Assignment. Your answer should be the records, copied exactly, with the pictures removed.

Records for the task.

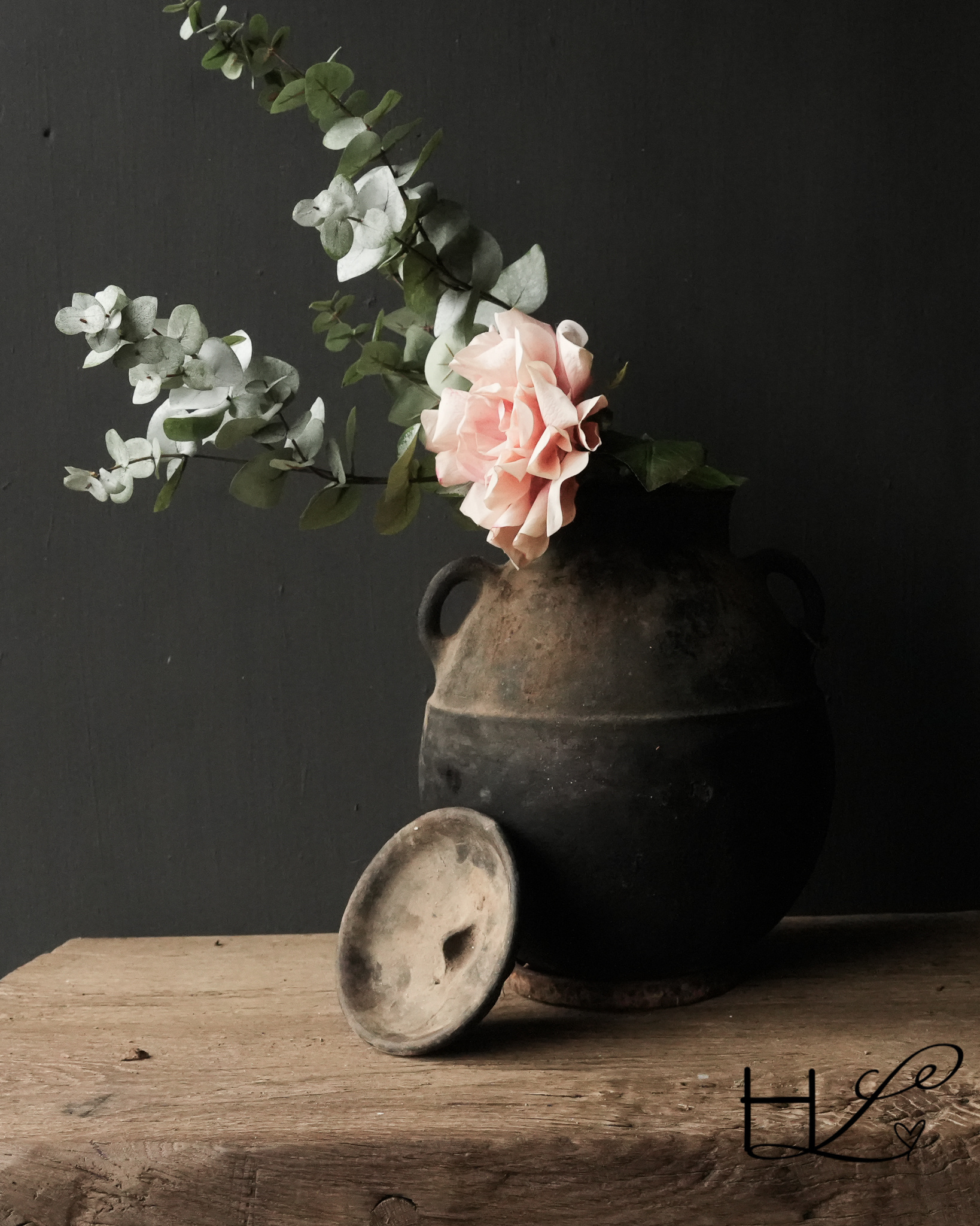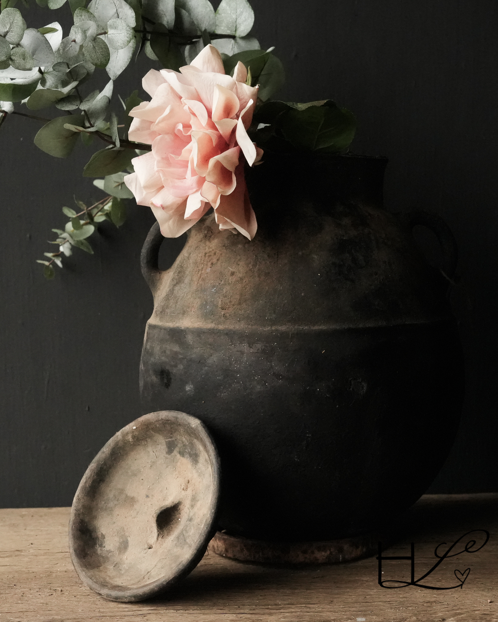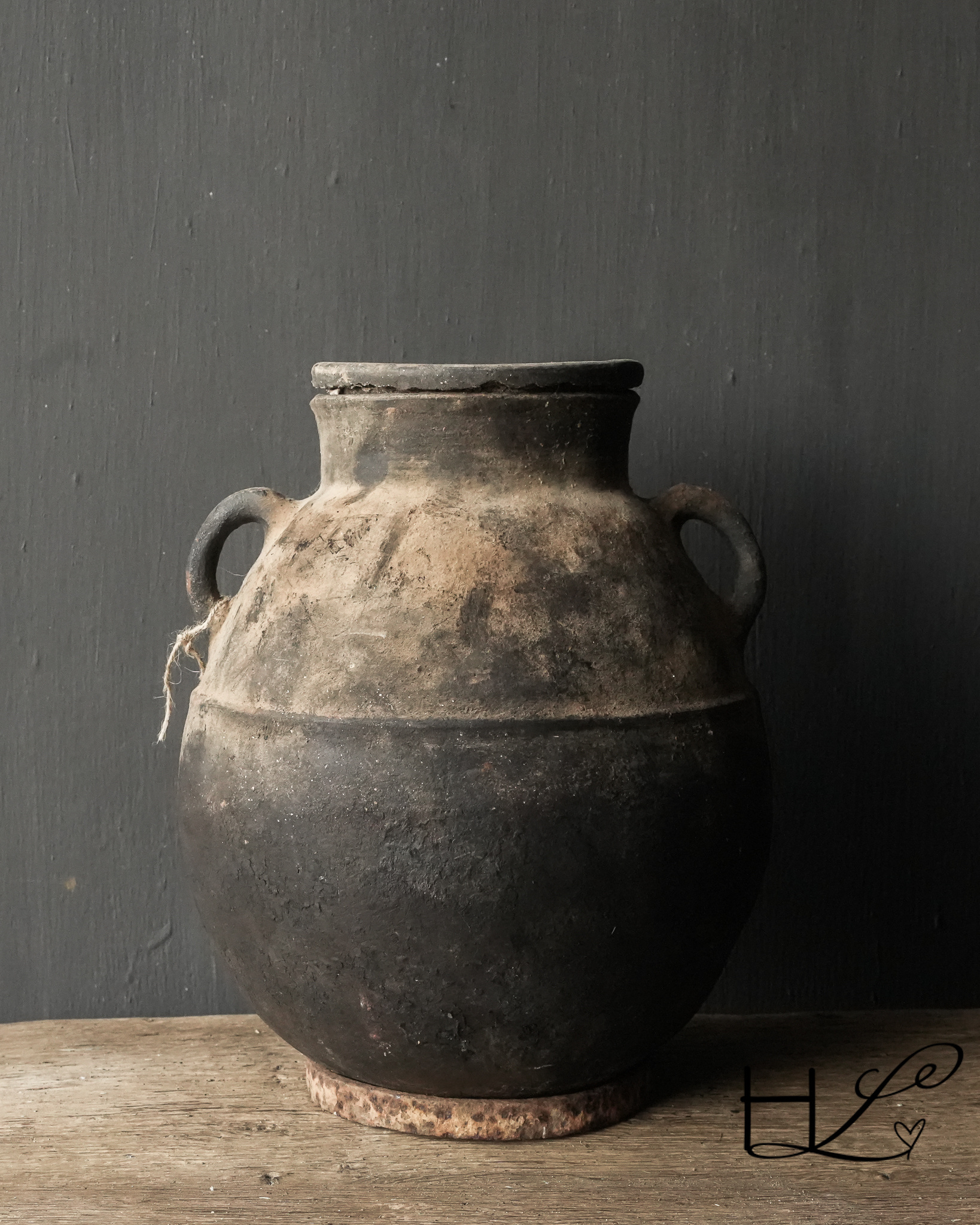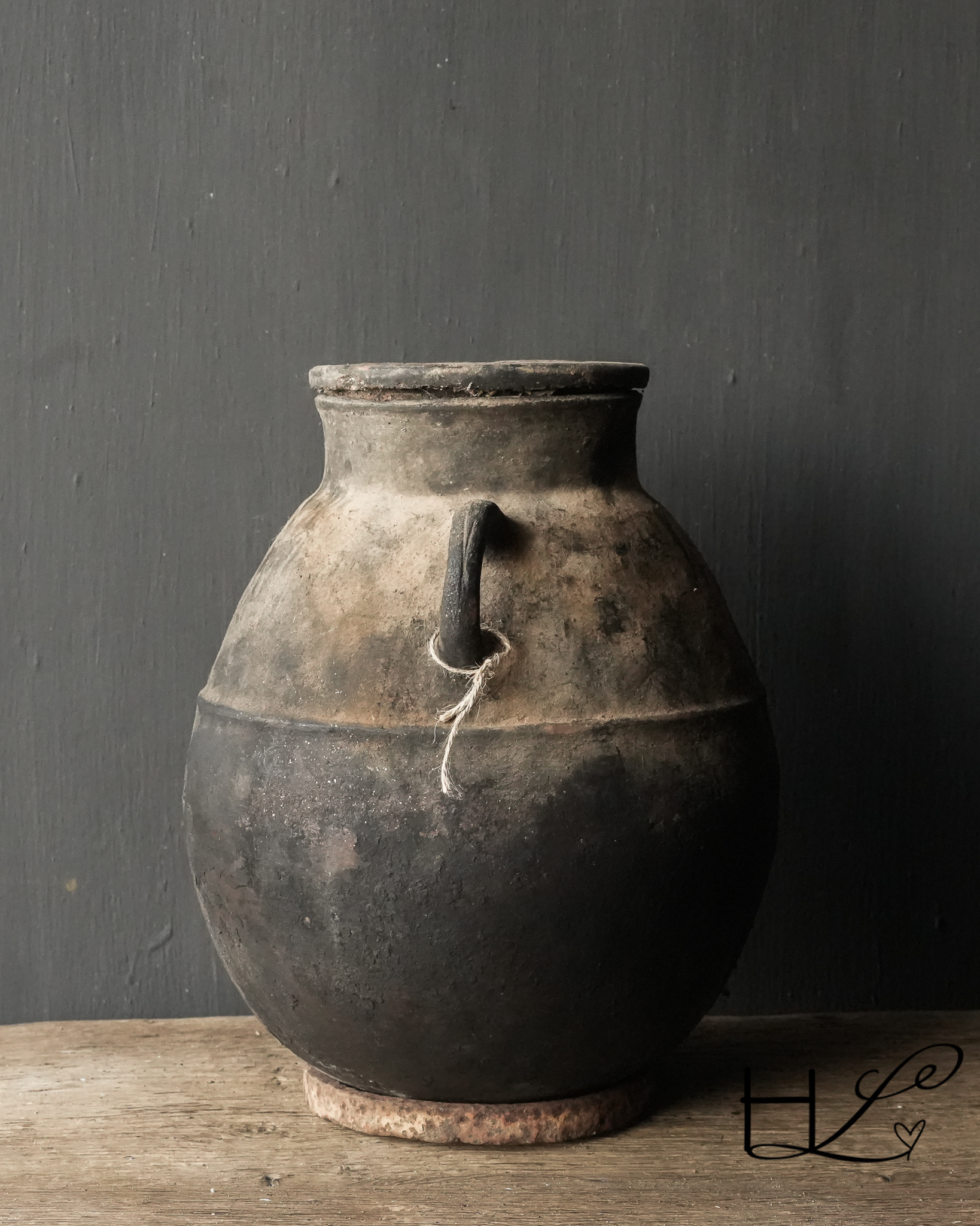 Der Krug hat einen abgerundeten Boden. Er wird mit einem alten Stahlring geliefert, auf den der Krug gestellt werden kann
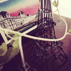 きゃー!Parisの街に巨大ゴーヤ現る! エヘ、水栽培のゴーヤちゃんがエッフェル塔に巻きついた、ウチの窓辺のショットでした!
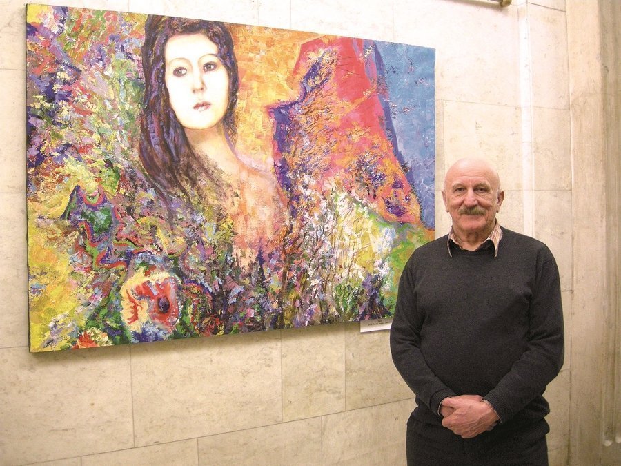 Леанід Данэлія побач з ягонай карцінай “Лара. Партрэт жонкі”
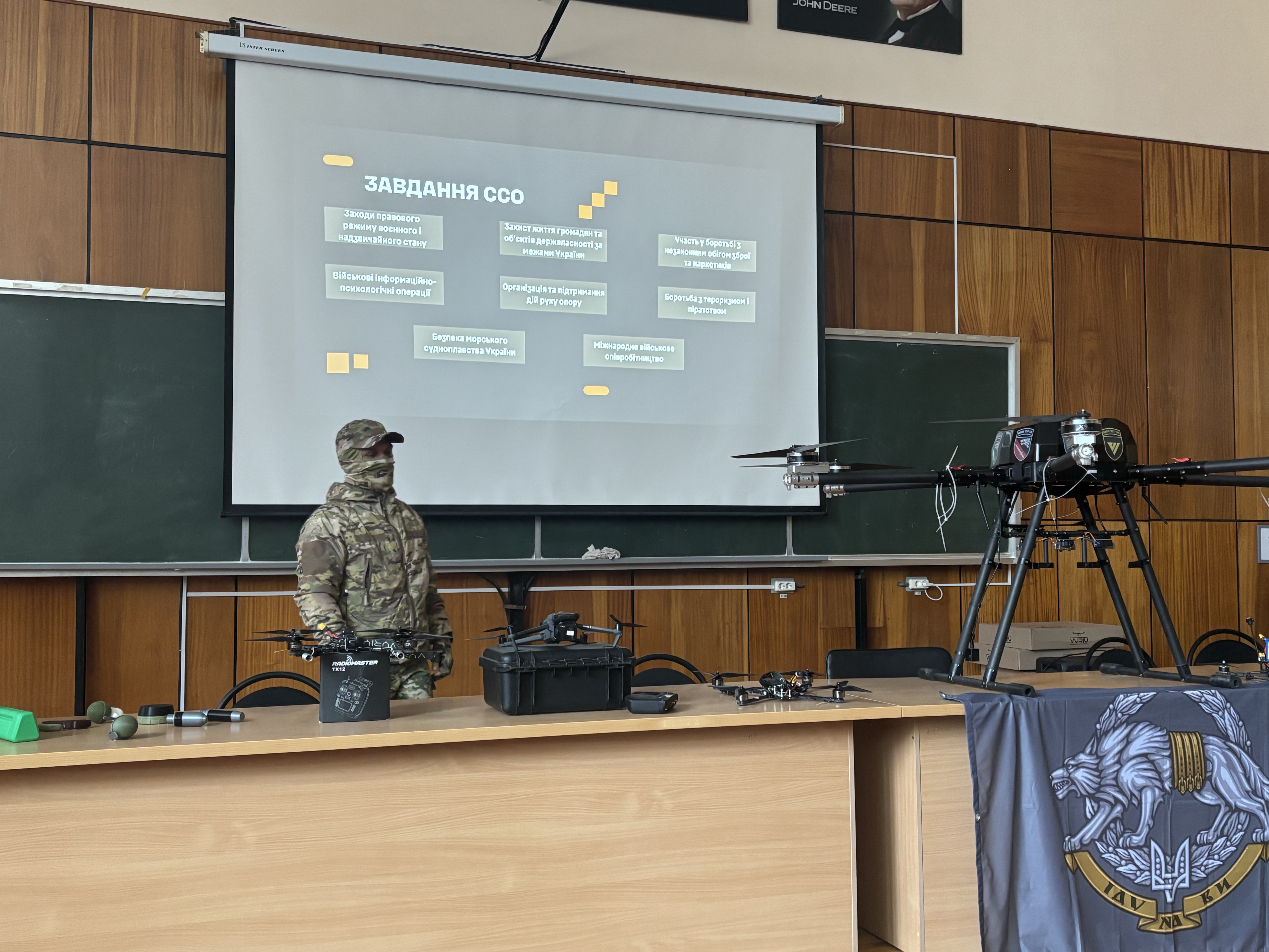 Після демонстрації техніки бійці провели пізнавальну лекцію щодо діяльності Сил спеціальних операцій. Студенти дізналися про основні завдання ССО, специфіку їхньої підготовки, принципи функціонування підрозділів, а також про високий рівень професійності, який вимагається від військових цієї ланки. Військові поділилися власним досвідом участі у бойових операціях, розповіли про виклики, з якими стикаються щодня, та наголосили на важливості підтримки армії суспільством.
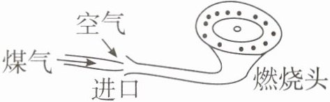 1. 如图所示的是家用煤气灶灶头的示意图。使用时打开煤气阀门,拧动点火装置,煤气和空气在进口处混合流向燃烧头被点燃,而煤气不会从进口处向空气中泄漏,其原因是(
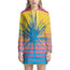 Retrowave Sunset Palm Tree Print Pullover Hoodie Dress
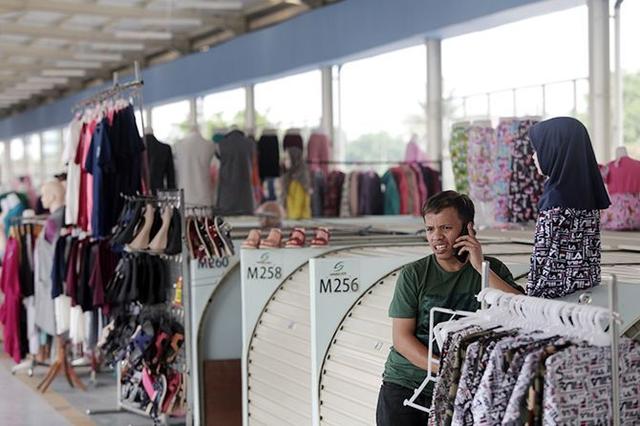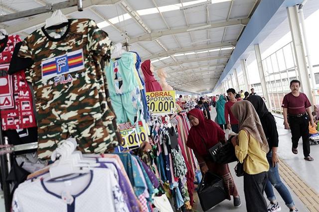 Pedagang di lorong Jembatan Penyeberangan Multiguna (JPM) Tanah Abang tengah melayani calon pembeli. (Salman Toyibi/Jawa Pos)
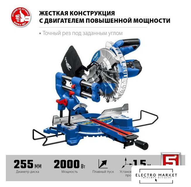 торцовочная, 2000 Вт, питание: сеть, диаметр диска: 255 мм, 4500 об/мин
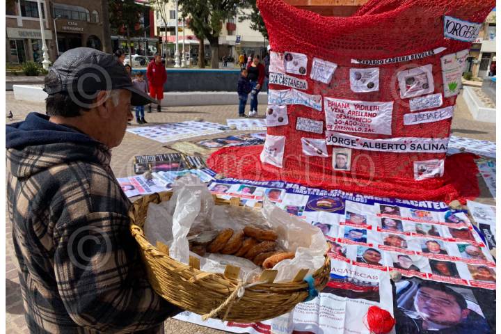 FRESNILLO, ZACATECAS, 11FEBRERO2024.- Colectivos de familiares de desaparecidos en Zacatecas en compañía de Sangre de mi Sangre realizaron una actividad de tejido en el Jardín Obelisco en el centro histórico del municipio. Además de tejer la representación simbólica de las miles de víctimas en el país, las madres arreglaron el árbol de la memoria que se mantiene en el mismo espacio. FOTO: ADOLFO VLADIMIR /CUARTOSCURO.COM

Reply.
 Der Krug hat einen abgerundeten Boden. Er wird mit einem alten Stahlring geliefert, auf den der Krug gestellt werden kann
 きゃー!Parisの街に巨大ゴーヤ現る! エヘ、水栽培のゴーヤちゃんがエッフェル塔に巻きついた、ウチの窓辺のショットでした!
 Леанід Данэлія побач з ягонай карцінай “Лара. Партрэт жонкі”
 Після демонстрації техніки бійці провели пізнавальну лекцію щодо діяльності Сил спеціальних операцій. Студенти дізналися про основні завдання ССО, специфіку їхньої підготовки, принципи функціонування підрозділів, а також про високий рівень професійності, який вимагається від військових цієї ланки. Військові поділилися власним досвідом участі у бойових операціях, розповіли про виклики, з якими стикаються щодня, та наголосили на важливості підтримки армії суспільством.
 1. 如图所示的是家用煤气灶灶头的示意图。使用时打开煤气阀门,拧动点火装置,煤气和空气在进口处混合流向燃烧头被点燃,而煤气不会从进口处向空气中泄漏,其原因是(
 Retrowave Sunset Palm Tree Print Pullover Hoodie Dress
 Pedagang di lorong Jembatan Penyeberangan Multiguna (JPM) Tanah Abang tengah melayani calon pembeli. (Salman Toyibi/Jawa Pos)
 торцовочная, 2000 Вт, питание: сеть, диаметр диска: 255 мм, 4500 об/мин
 FRESNILLO, ZACATECAS, 11FEBRERO2024.- Colectivos de familiares de desaparecidos en Zacatecas en compañía de Sangre de mi Sangre realizaron una actividad de tejido en el Jardín Obelisco en el centro histórico del municipio. Además de tejer la representación simbólica de las miles de víctimas en el país, las madres arreglaron el árbol de la memoria que se mantiene en el mismo espacio. FOTO: ADOLFO VLADIMIR /CUARTOSCURO.COM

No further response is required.